Your task — The listing below should be printed again word for word, without any images.

*** Data Section Begins ***

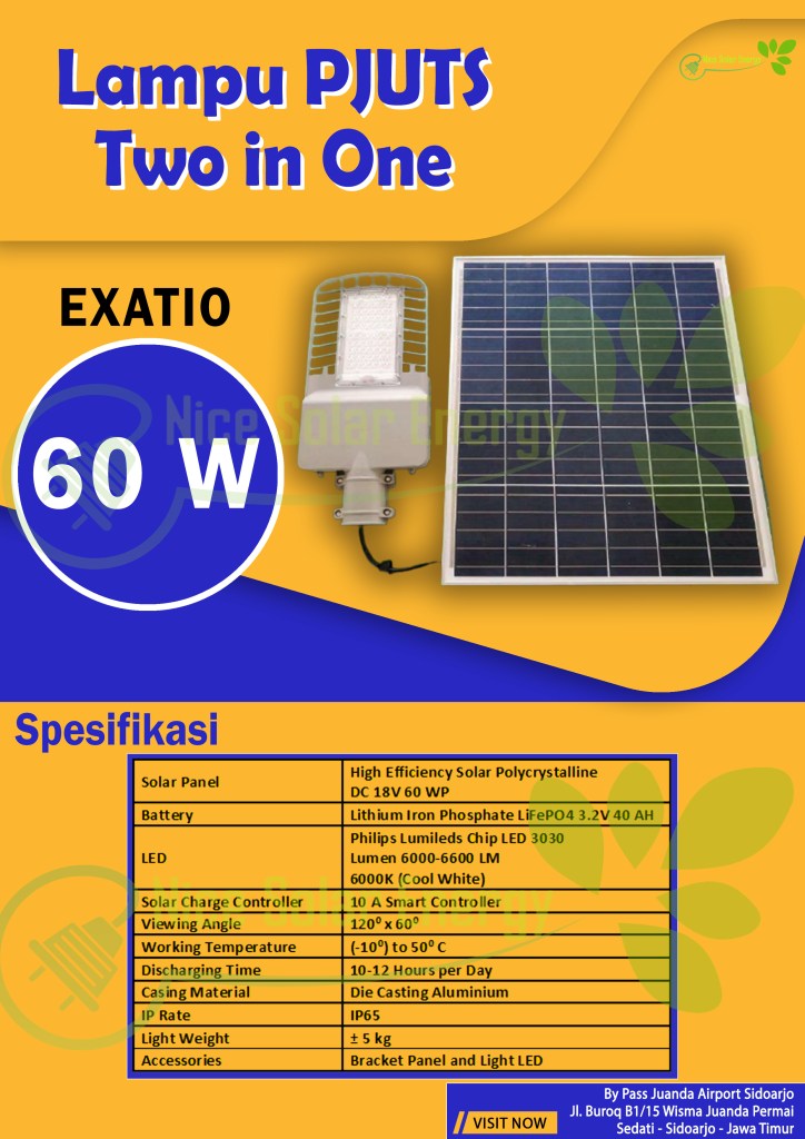 Kelebihan Paket PJU Solar Cell 60 Watt 2in1 :
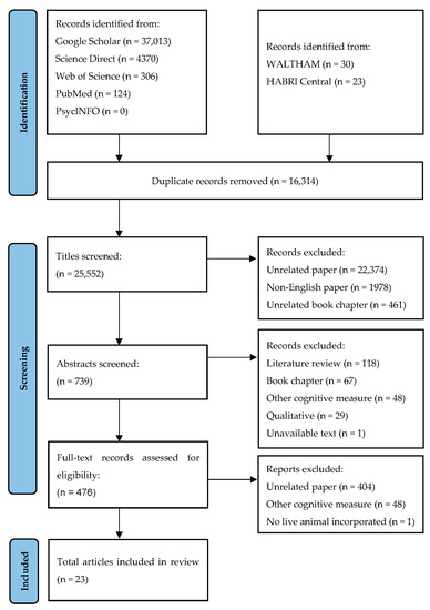 A literature search was conducted using the Preferred Reporting Items for Systematic Reviews and Meta-Analyses (PRISMA) guidelines [45]. Relevant literature was first identified through electronic searches of databases, including Google Scholar, PubMed, Web of Science, Science Direct, and PsycINFO from inception to September 2022. The HABRI Central (habricentral.org/resources) and WALTHAM (waltham.com/resources) websites, which compile research on human–animal relationships, were also searched. The search terms used to collate the literature were ‘animal-assisted intervention’, ‘animal-assisted therapy’, ‘pet’, ‘companion animal’, and ‘human–animal interaction’, in combination with ‘executive function *’, ‘working memory’, ‘inhibit *’, ‘cognitive flexibility’, and ‘attention’.
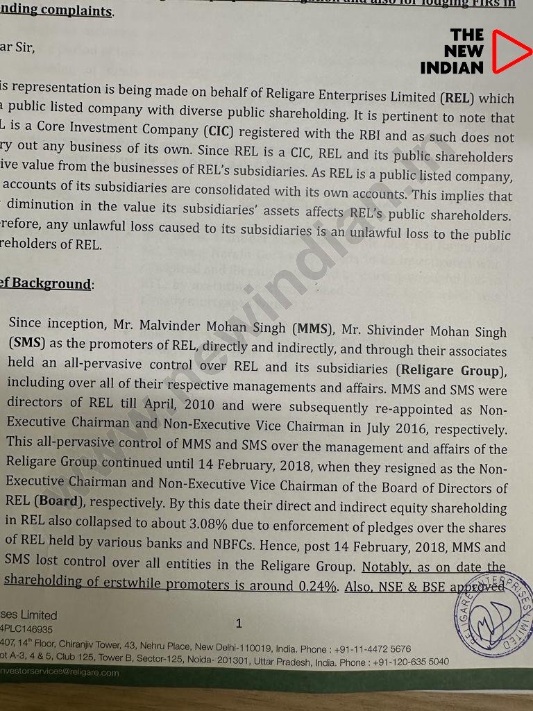 The New Indian has accessed all relevant documents related to this complaint at a time when Burman family, the promoter of Dabur — India’s leading consumer goods company, has mysteriously made an open offer in public to raise its stake to 26 % in Religare. Dabur family already has a holding of 21.5 % in Religare Enterprises Limited.
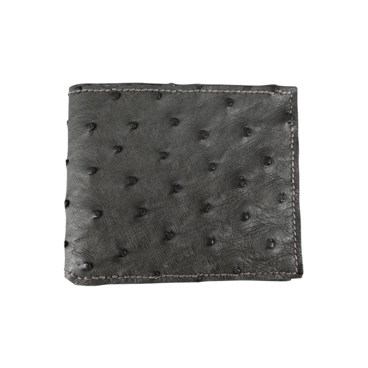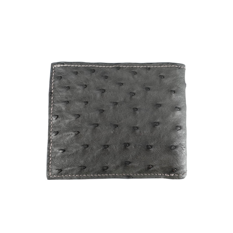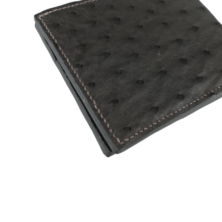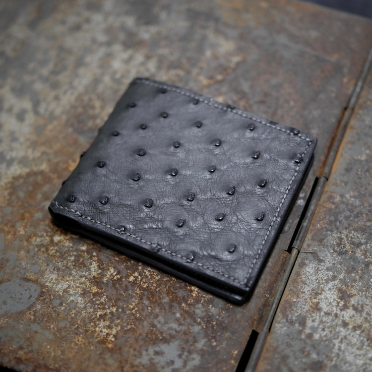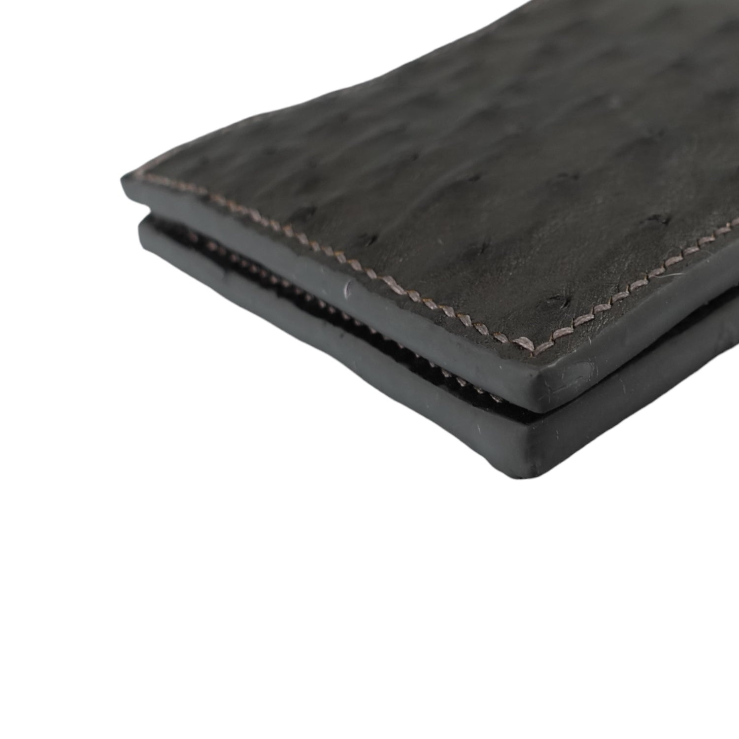 The Binary Wallet offers a lot of storage capacity, with 8 slots for credit cards, 2 hidden compartments, and 2 slots for bills and receipts. This iteration is made from grey genuine ostrich skin which provides a unique texture and feel.

*** Data Section Ends ***

Exercise solution —
 Kelebihan Paket PJU Solar Cell 60 Watt 2in1 :
 A literature search was conducted using the Preferred Reporting Items for Systematic Reviews and Meta-Analyses (PRISMA) guidelines [45]. Relevant literature was first identified through electronic searches of databases, including Google Scholar, PubMed, Web of Science, Science Direct, and PsycINFO from inception to September 2022. The HABRI Central (habricentral.org/resources) and WALTHAM (waltham.com/resources) websites, which compile research on human–animal relationships, were also searched. The search terms used to collate the literature were ‘animal-assisted intervention’, ‘animal-assisted therapy’, ‘pet’, ‘companion animal’, and ‘human–animal interaction’, in combination with ‘executive function *’, ‘working memory’, ‘inhibit *’, ‘cognitive flexibility’, and ‘attention’.
 The New Indian has accessed all relevant documents related to this complaint at a time when Burman family, the promoter of Dabur — India’s leading consumer goods company, has mysteriously made an open offer in public to raise its stake to 26 % in Religare. Dabur family already has a holding of 21.5 % in Religare Enterprises Limited.
 The Binary Wallet offers a lot of storage capacity, with 8 slots for credit cards, 2 hidden compartments, and 2 slots for bills and receipts. This iteration is made from grey genuine ostrich skin which provides a unique texture and feel.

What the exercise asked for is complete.